▶ **The problem**: Where pictures appear, omit them, and copy exactly only the lines from the start of the listing through the line containing "36. 36. ©SílviaMachado2016", both included.

▶ **Data provided**:

►

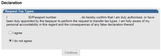 - Select ‘I agree’ or ‘I do not agree’ under Declaration:
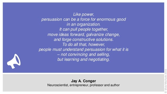 36. 36. ©SílviaMachado2016 Like power, persuasion can be a force for enormous good in an organization. It can pull people together, move ideas forward, galvanize change, and forge constructive solutions. To do all that, however, people must understand persuasion for what it is – not convincing and selling, but learning and negotiating. Jay A. Conger Neuroscientist, entrepreneur, professor and author
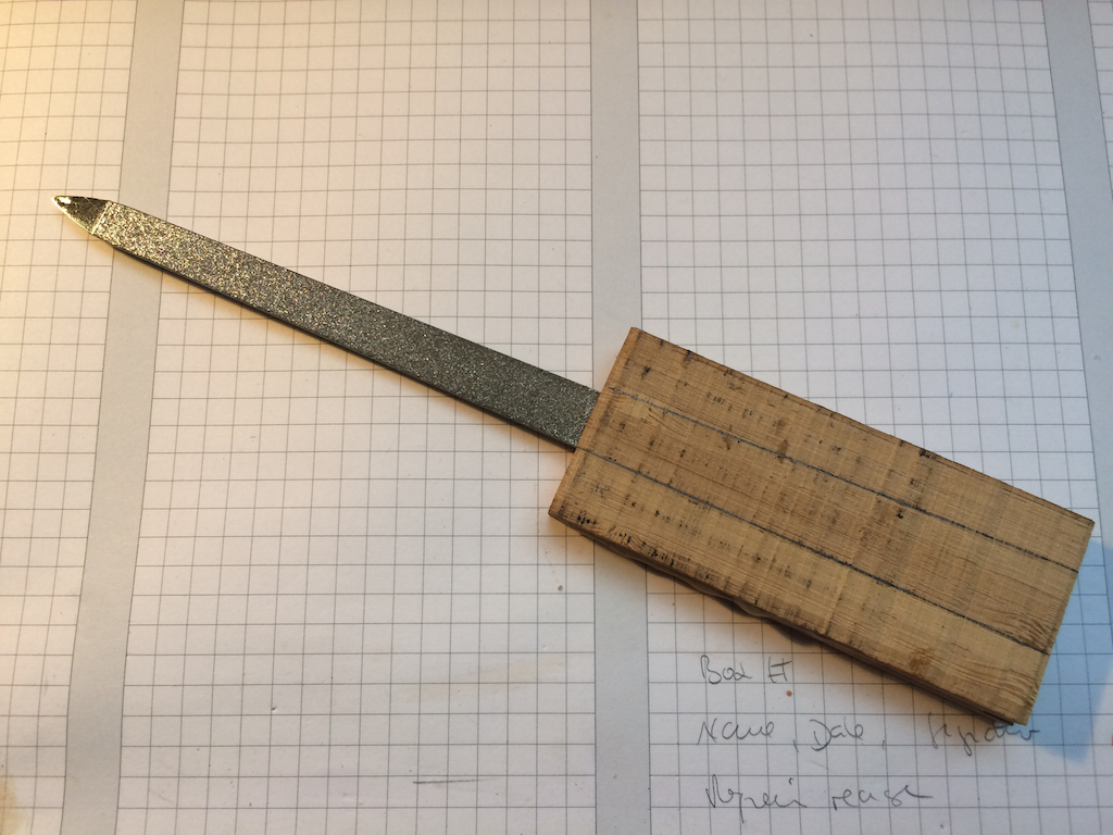 Was macht Mann dann? Ich habe sie auf meinen Schreibtisch gelegt und mal so 2 bis 5 Wochen nachgedacht und entschieden: OK ich bastle einen Griff wo es doch die Lieblingsfeile ist. Ich habe auch schon unnötigere Dinge repariert.

◄

▶ **Task result**:
 - Select ‘I agree’ or ‘I do not agree’ under Declaration:
 36. 36. ©SílviaMachado2016 Like power, persuasion can be a force for enormous good in an organization. It can pull people together, move ideas forward, galvanize change, and forge constructive solutions. To do all that, however, people must understand persuasion for what it is – not convincing and selling, but learning and negotiating. Jay A. Conger Neuroscientist, entrepreneur, professor and author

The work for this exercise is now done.